Vulgarisation Scientifique des résultats de la recherche sur le SIDA / VIH

Lettre bimensuelle n°35 (16-31 mars 2010)


Format PDF

Les microbicides : un nouvel espoir ?

Les microbicides sont des composés se présentant sous forme de gels, crèmes, films ou suppositoires pouvant être appliqués dans le vagin ou le rectum comme protection contre les maladies sexuellement transmissibles, notamment le VIH. Ceux qui ont jusqu’alors été testés n’ont révélé aucun effet significatif. Cependant, selon la grande immunologiste Judy Lieberman, la faiblesse de ces microbicides serait certainement due à une mauvaise orientation des recherches.
Les équipes de Mme Lieberman ont travaillé sur une technique alliant des siRNAs (qui fixent les ARNs codant pour les protéines du VIH et entraînent leur destruction) et une classe d’ARN synthétiques appelés aptamères (qui fixent les protéines à la surface des cellules). En effet, les siRNAs sont instables dans le système sanguin ; ainsi, en les attachant aux aptamères, on peut les stabiliser et les diriger sur leurs cibles.
En effet, les aptamères ont une structure tridimensionnelle en forme de croix leur permettant de fixer fortement leur protéine cible. Cela leur confère souvent des affinités plus importantes pour les protéines que celles des anticorps respectifs. On les produit à l’aide d’un mélange de courtes séquences d’ARNs aléatoires, exposées aux protéines cibles pour identifier les meilleures. Ces molécules ainsi détectées ont besoin de quelques modifications chimiques pour être plus stables. Ces petites molécules alimentent de grands espoirs pour les approches thérapeutiques car elles sont plus efficaces et plus facilement synthétisées que les anticorps.
Ainsi la combinaison des aptamères aux siRNAs semble intéressante pour inhiber n’importe quel gène (via le siRNA) dans n’importe quelle cellule (via l’aptamère).
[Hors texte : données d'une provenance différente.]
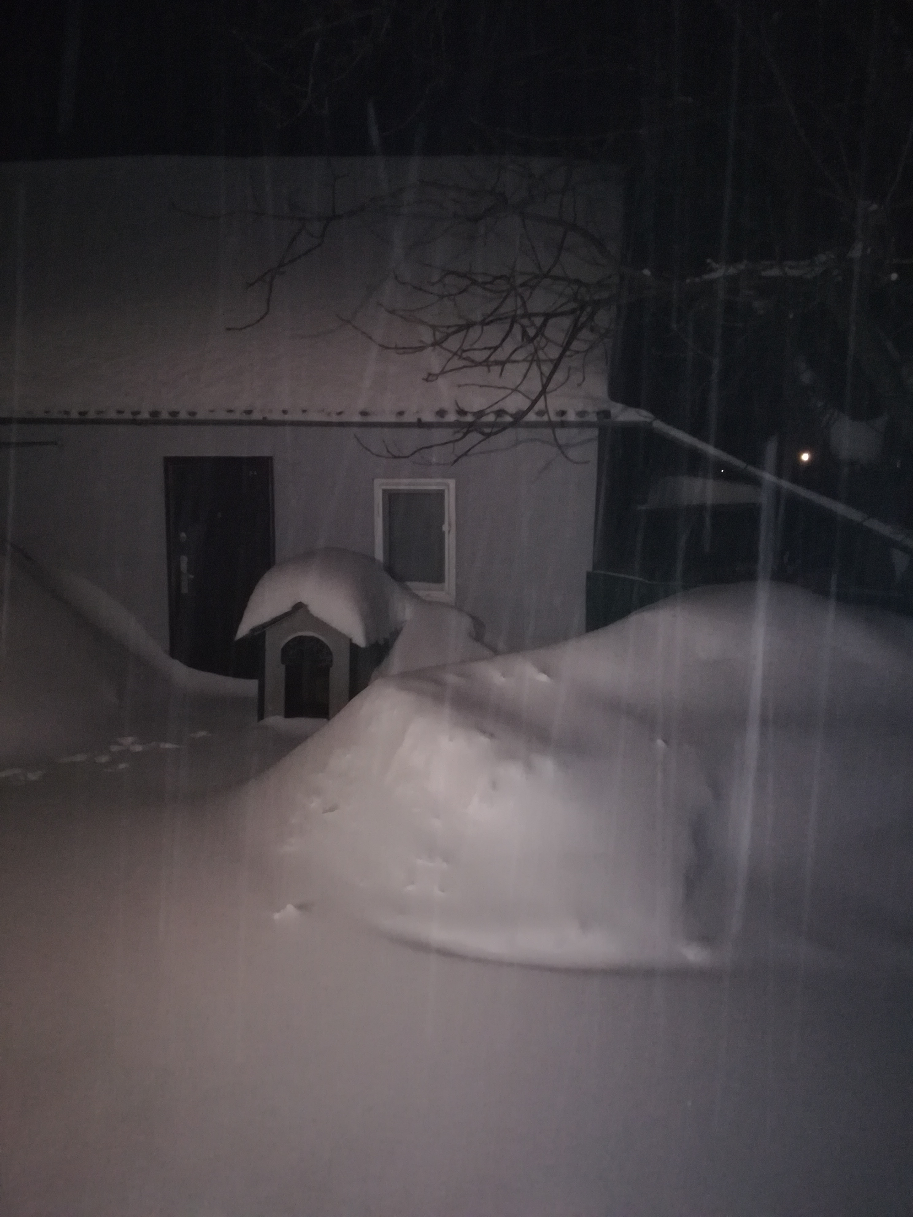 У нас жопа тут началась. Такого снегопада не помню. Видимость метров 5 .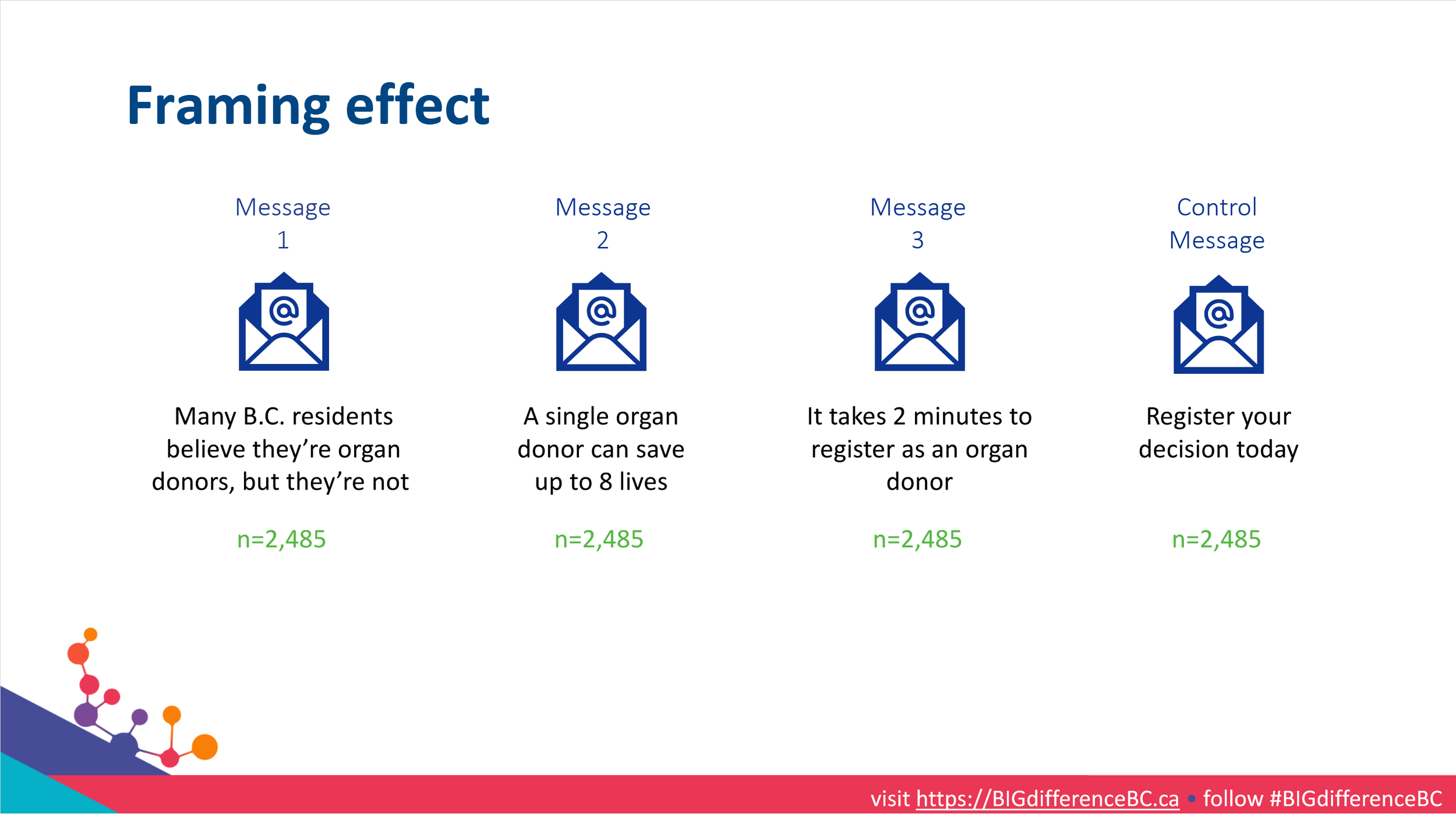 This project explores the effectiveness of low-cost, scalable behavioural interventions—specifically through targeted e-newsletters—to increase organ donor registrations in British Columbia, addressing the post-pandemic decline and enhancing the province's capacity to meet the demand for lifesaving transplants.

L’équipe de J. Rossi (Beckman Research Institute of City of Hope, Duarte, USA) et de R. Akkina (Department of Microbiology, Immunology, and Pathology, Colorado State University, USA)  ont alors utilisé cette technique avec un aptamère dirigé contre une molécule présente sur les cellules infectées par le VIH, gp120, et un siRNA tuant le virus. Ces études étendues à un modèle in vivo de souris ont également montré une diminution de la charge virale. L’équipe de Lieberman a eu l’idée d’utiliser cette technique, non pas de manière curative, mais préventive : cibler les cellules T via un aptamère dirigé contre les récepteurs du VIH, associés à deux types de siRNAs. L’un permet d’inhiber les gènes viraux, l’autre réprime les gènes de la cellule hôte nécessaires au développement du virus. Lorsque le virus arrive sur ces cellules traitées, il est alors bloqué.
Judy Lieberman espère ainsi pouvoir démarrer des essais sur des animaux. Si les résultats sont concluants, un tel microbicide pourrait révolutionner la lutte contre le SIDA. Mais il faut encore que les entreprises de biotechnologies réticentes soutiennent le développement d’un tel produit.

Nouvelle approche de la microbicide contre le virus du Sida

-----------------------------------------------------------------------------------------------------------------------
A apt approach.  Alan Dove. Nature medecine. Vol 16. number3. March 2010-03-23.